• **WHAT TO DO**
The following data needs to be repeated exactly, with all images excluded.

• **INFORMATION PROVIDED**

####

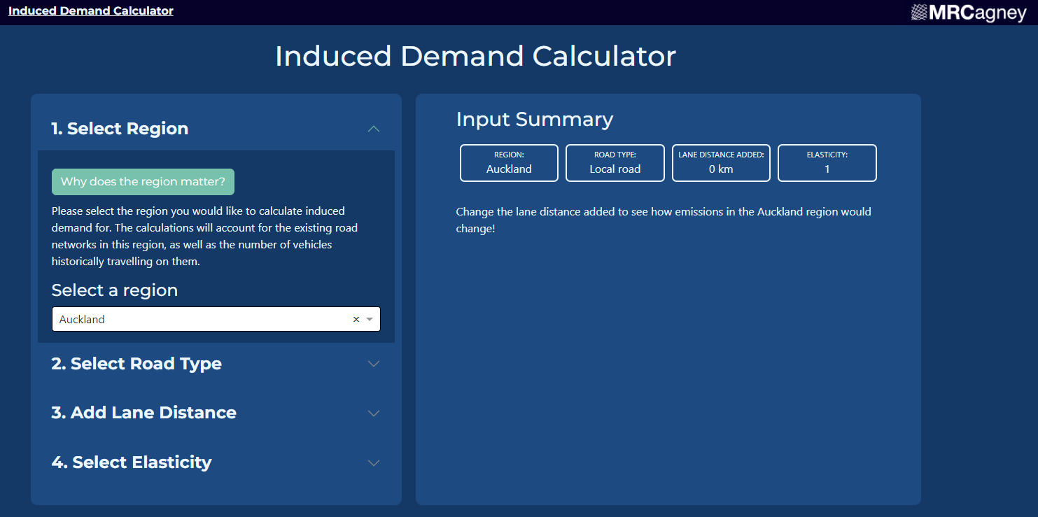 The calculator allows you to choose a region of interest, total lane-km to be added and a value for elasticity (the amount of induced demand response from a % increase in total lane-km). Existing total lane-km, emissions factor and VKT values are based on existing data of each region. Together, these values are used to estimate the induced emissions from an expansion.
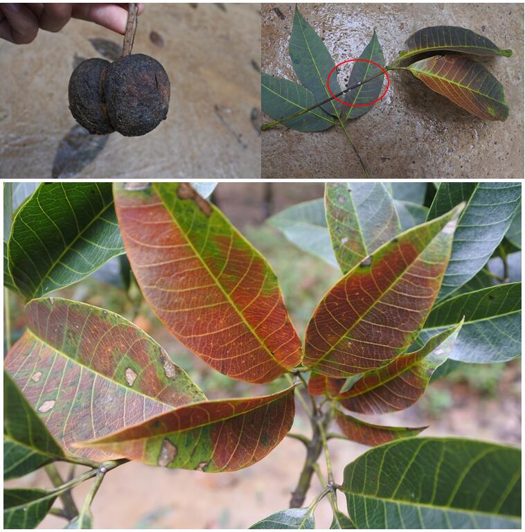季風性落葉病果、葉片及葉柄癥狀
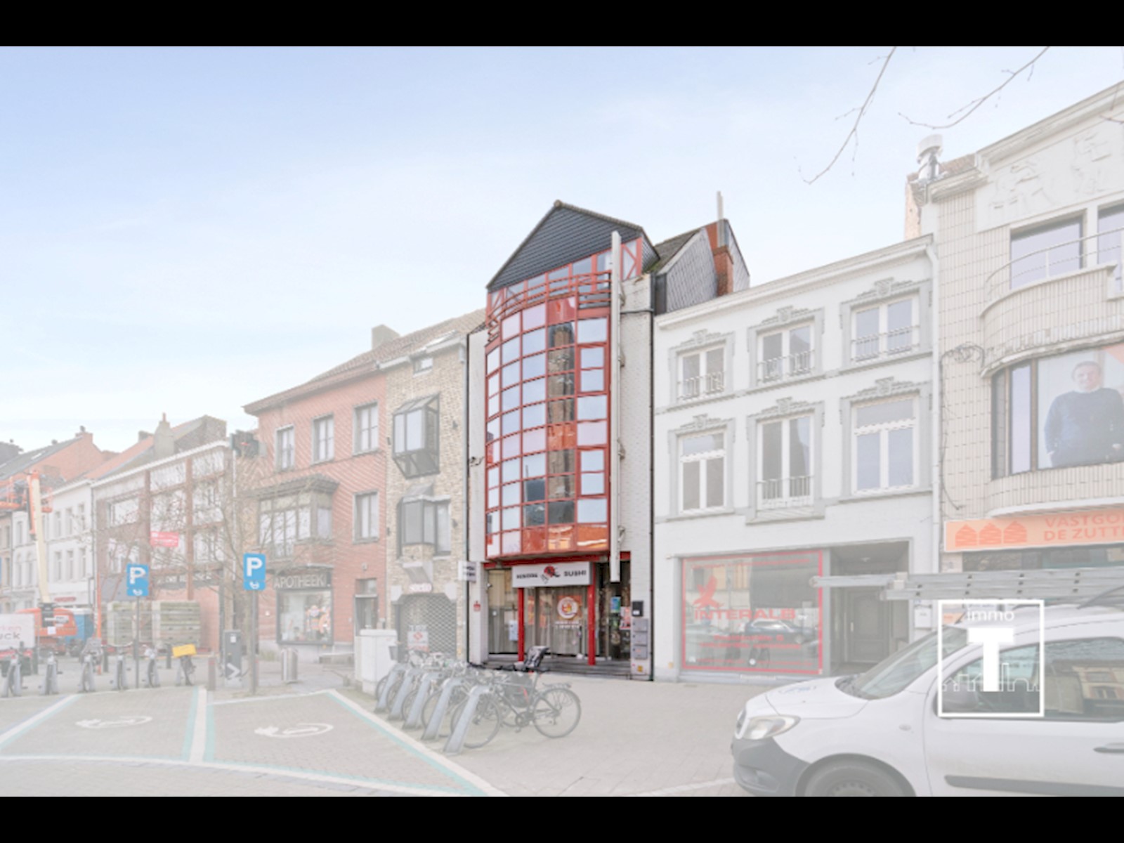 De gelijkvloerse verdieping biedt huidig plaats voor een sushi restaurant, met terras en sanitaire voorzieningen (toiletten). De 2 ruime appartementen (71m² en 82m²) op het eerste en tweede verdiep bestaan elk uit een inkomhal, een lichtrijke living en een open keuken, 2 slaapkamers, een badkamer en een apart toilet. Elk appartement heeft zijn eigen terras aan de achterzijde van het gebouw.

####

• **RESPONSE AREA**
 The calculator allows you to choose a region of interest, total lane-km to be added and a value for elasticity (the amount of induced demand response from a % increase in total lane-km). Existing total lane-km, emissions factor and VKT values are based on existing data of each region. Together, these values are used to estimate the induced emissions from an expansion.
季風性落葉病果、葉片及葉柄癥狀
 De gelijkvloerse verdieping biedt huidig plaats voor een sushi restaurant, met terras en sanitaire voorzieningen (toiletten). De 2 ruime appartementen (71m² en 82m²) op het eerste en tweede verdiep bestaan elk uit een inkomhal, een lichtrijke living en een open keuken, 2 slaapkamers, een badkamer en een apart toilet. Elk appartement heeft zijn eigen terras aan de achterzijde van het gebouw.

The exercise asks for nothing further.